Councilor Louise “Weez” Michael has called on Council to amend its current so-called camping ban, which currently prohibits unauthorized sleeping in city parks, to also include “residential property, city streets, alleyways, and sidewalks.”
ACLU-WV has joined nine other organizations in a letter calling on the Council to use evidence-based approaches to addressing homelessness instead of heaping more punishment onto already struggling people.
“Public camping bans do not and cannot address the root causes of homelessness, which include, but are not limited to, poverty, violence, and disability. To the contrary, fines, arrests, prosecutions, and criminal records are entirely incompatible with securing safe, affordable housing,” the letter states. “The only solution to homelessness is housing.”
“If Council’s goal is to combat homelessness, it must come to terms with the truth that the path is neither straight nor easy, but that saving lives is worth the effort.

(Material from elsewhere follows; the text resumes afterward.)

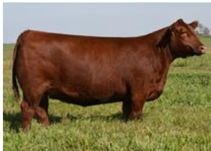
RED BLAIR'S FAITH 74Y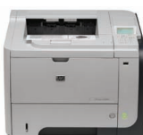
HP LaserJet Enterprise P3015dn Printer

If Council’s goal is to further stigmatize, punish, and traumatize the most vulnerable people in our community—those with the least power to change their material conditions—then Councilor Michael’s proposition will do just that. Notably, both paths are trod at the taxpayers’ expense.”
The letter was drafted by Mountain State Justice. Also joining the letter are Morgantown Coalition for Housing Action, Project Rainbow, 17th Judicial Circuit Public Defender Corp., League of Women Voters of Morgantown-Monongalia County, Morgantown Pride, Mylan Puskar Health Right, West Virginia Coalition to End Homelessness.